Incoming monkeys left by public

Later, other monkeys were introduced to the area by members of the public, Boeddy said. The owners left them covertly at the entrance gate or near the fence in the forested area close to the Jagorawi toll road. They were left there without the permission of Buperta Pramuka management. These newcomers, however, have not been made to feel welcome.

""If you see a group of these primates chasing a monkey, you can be sure that someone has just left it in this area. Many newcomers have been wounded or even killed by the old 'residents',"" he said.

Many people have left their monkeys in Cibubur forest following the government's campaign against illegally kept monkeys. ""Not only black or gray long-tailed monkeys but also short-tailed macaques have been left here,"" he said.

He added that the presence of monkeys in this area was troublesome for the management and also for visitors, who total some 10,000 to 15,000 people a week.

""The management of the area does not really understand how to handle and control the monkeys as their number continues to grow. If they are hungry, they will bother the visitors or leave this area.""

Some monkeys, he said, had caused trouble for people living in the employees' housing compound. ""Luckily, many visitors have food for them, such as bread, nuts, biscuits and bananas. Food is also thrown from cars to the monkeys at the front gate, near the toll road,"" he said.

In 2004, he said, the management reported this matter to the Jakarta office of the Natural Resources Conservation Agency (BKSDA) of the ministry of forestry. However, they did not get any response.

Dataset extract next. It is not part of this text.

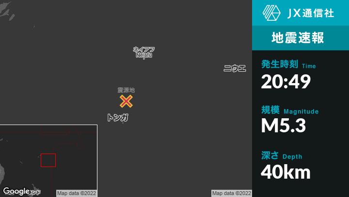| 震源地 | トンガのPangaiから南西74kmの地点 |

The management has also written a letter to the management of Ragunan Zoo in Pasar Minggu, asking for help to handle the monkey problem.

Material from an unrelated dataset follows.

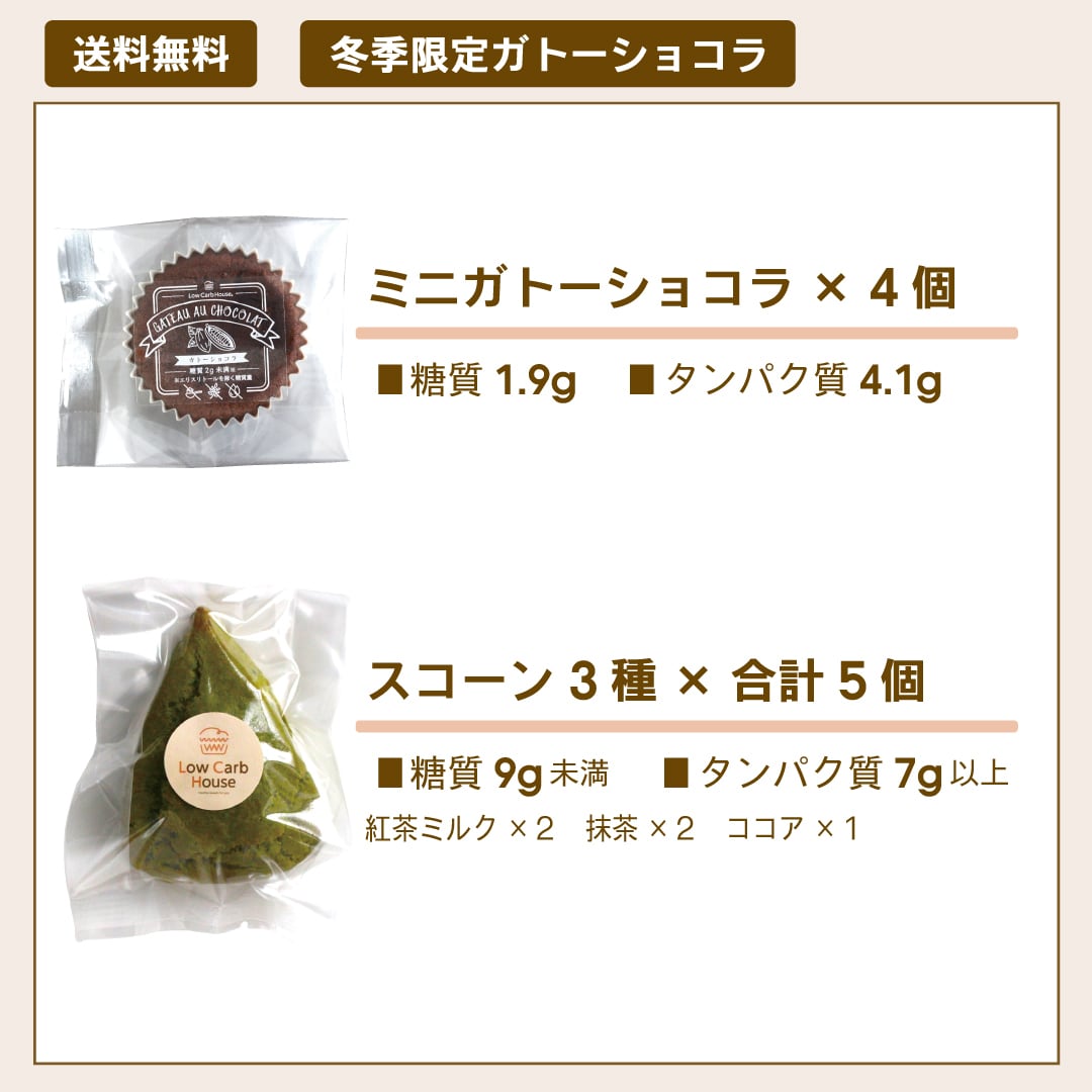 セット内容はミニガトーショコラ4個、紅茶ミルクプロテインスコーン2個、抹茶プロテインスコーン2個、ココアプロテインスコーン1個になります。

""However, the zoo simply carried out a survey here,"" Boeddy said. ""I once suggested that the monkeys be moved to other places, but we don't have the money and don't know the correct way to do that,"" he said, adding that nobody had tried to hunt or disturb the monkeys staying in the camping ground.

Primatologist from National University Jakarta, Drs. Imran SL. Tobing, Ssi, said that long-tailed monkeys were not protected by the government.

Hardy survivors

They are found in Sumatra, Java, Bali, Nusa Tenggara and Kalimantan. In some areas, they are considered a pest as they often damage people's plantations. Long-tailed monkeys are greedy creatures,"" he said. ""They are omnivorous -- fruit, the tips of leaves, people's leftovers and even trash -- it's all tasty to them,"" Imran said.

They are superior to other species of monkeys in that they can survive virtually anywhere.

They live in groups and will split into smaller groups if their own group has become too big. In the forest, they are preyed upon by tigers, hawks, owls, monitor lizards, snakes and human beings.

If they live near urban areas, they are threatened by only a few predators. Undomesticated animals like monkeys play an important role in nature. They spread plant seeds, said Imran, who is a lecturer of animal ecology at the National University school of biology.

Over the past decade, the number of long-tailed monkeys has increased very rapidly. The management of Buperta Pramuka does not allow these monkeys to be disturbed or taken away. The gray long-tailed monkeys can be seen between 6 a.m. and 9 a.m. and also between 3 p.m. and 6 p.m.

They run about looking for food or play around the front gate, the parking ground, the yard of the information center or in the garbage dump.

Many of them gather by the roadside, looking for food or chasing one another, hopping from one branch to another or even running along electricity cables.

Most of the monkeys are tame and not scared by the presence of human beings.

They will often approach people who are carrying food or a drink. Scores of them will move closer and closer, lured by the smell or shiny packaging of food items.